WHAT YOU WILL DO:
Below are some entries. Repeat exactly the lines from the one with "медиаэкран в мире." through the one with "Varanga Women Green", and only those.

DATASET RECORDS:
################
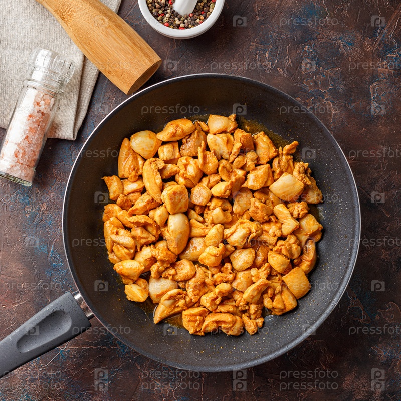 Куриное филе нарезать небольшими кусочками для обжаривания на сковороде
################
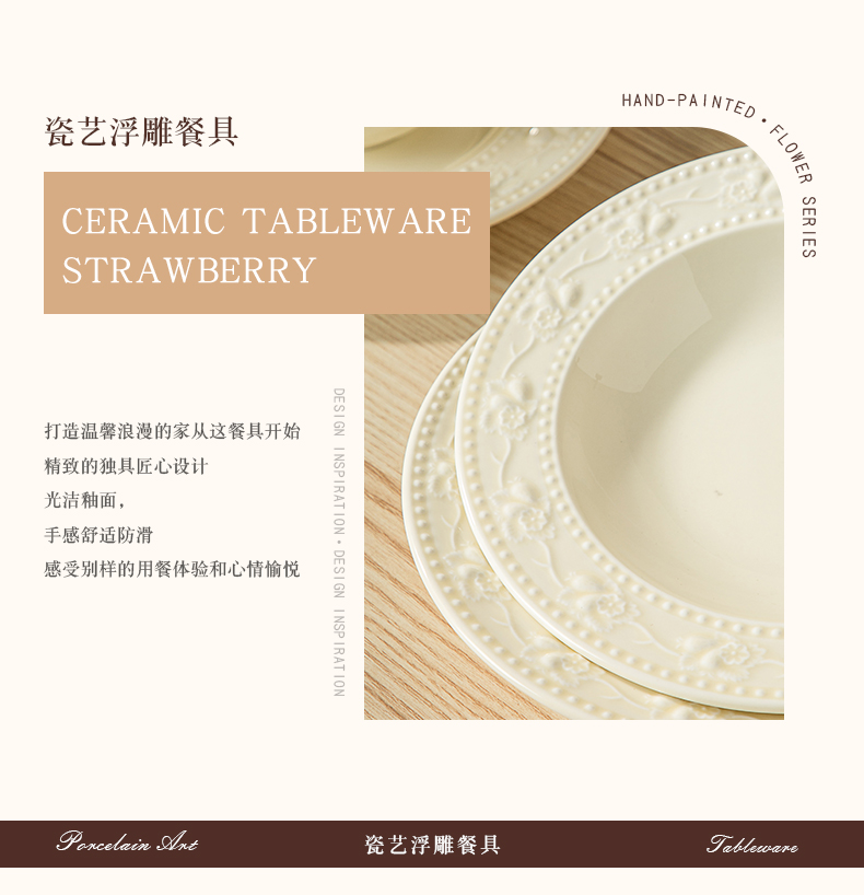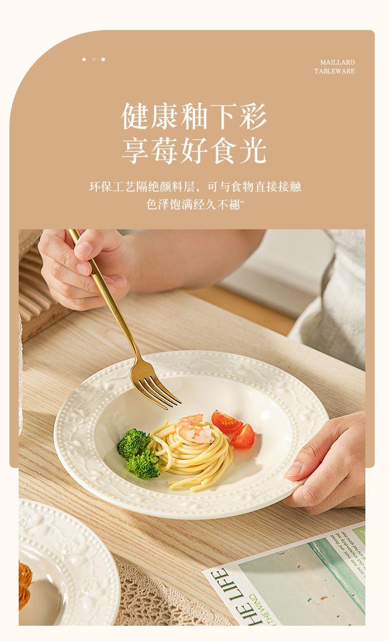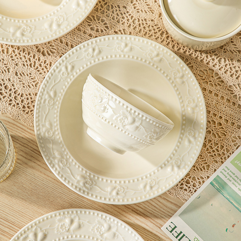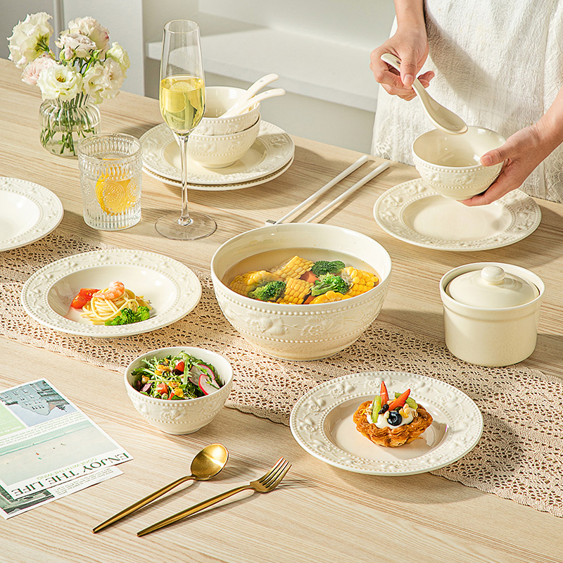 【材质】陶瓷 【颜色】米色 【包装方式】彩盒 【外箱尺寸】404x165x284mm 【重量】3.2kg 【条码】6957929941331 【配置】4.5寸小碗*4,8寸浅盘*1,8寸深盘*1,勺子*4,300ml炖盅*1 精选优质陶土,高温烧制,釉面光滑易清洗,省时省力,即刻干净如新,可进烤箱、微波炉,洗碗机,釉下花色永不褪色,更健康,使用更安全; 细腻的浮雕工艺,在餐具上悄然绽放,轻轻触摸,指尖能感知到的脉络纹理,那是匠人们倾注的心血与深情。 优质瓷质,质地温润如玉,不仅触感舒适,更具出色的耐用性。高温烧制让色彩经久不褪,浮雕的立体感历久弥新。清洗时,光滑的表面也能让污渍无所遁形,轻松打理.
################
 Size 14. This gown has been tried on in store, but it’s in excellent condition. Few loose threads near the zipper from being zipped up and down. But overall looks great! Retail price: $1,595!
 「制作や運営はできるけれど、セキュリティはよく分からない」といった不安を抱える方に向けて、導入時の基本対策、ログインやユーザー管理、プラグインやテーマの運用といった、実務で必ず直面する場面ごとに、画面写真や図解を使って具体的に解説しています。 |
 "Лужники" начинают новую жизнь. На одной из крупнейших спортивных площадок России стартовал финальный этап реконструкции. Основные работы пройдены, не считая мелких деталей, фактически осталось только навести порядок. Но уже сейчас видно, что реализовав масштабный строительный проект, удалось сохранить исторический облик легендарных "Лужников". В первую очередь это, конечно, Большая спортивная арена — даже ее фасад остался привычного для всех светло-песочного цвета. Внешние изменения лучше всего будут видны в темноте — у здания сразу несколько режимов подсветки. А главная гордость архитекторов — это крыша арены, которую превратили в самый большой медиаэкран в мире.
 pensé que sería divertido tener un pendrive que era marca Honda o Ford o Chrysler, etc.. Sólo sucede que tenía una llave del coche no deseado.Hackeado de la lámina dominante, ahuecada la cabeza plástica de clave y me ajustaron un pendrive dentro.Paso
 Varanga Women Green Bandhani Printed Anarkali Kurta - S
################
ANSWER TO THE PROBLEM:
 "Лужники" начинают новую жизнь. На одной из крупнейших спортивных площадок России стартовал финальный этап реконструкции. Основные работы пройдены, не считая мелких деталей, фактически осталось только навести порядок. Но уже сейчас видно, что реализовав масштабный строительный проект, удалось сохранить исторический облик легендарных "Лужников". В первую очередь это, конечно, Большая спортивная арена — даже ее фасад остался привычного для всех светло-песочного цвета. Внешние изменения лучше всего будут видны в темноте — у здания сразу несколько режимов подсветки. А главная гордость архитекторов — это крыша арены, которую превратили в самый большой медиаэкран в мире.
 pensé que sería divertido tener un pendrive que era marca Honda o Ford o Chrysler, etc.. Sólo sucede que tenía una llave del coche no deseado.Hackeado de la lámina dominante, ahuecada la cabeza plástica de clave y me ajustaron un pendrive dentro.Paso
 Varanga Women Green Bandhani Printed Anarkali Kurta - S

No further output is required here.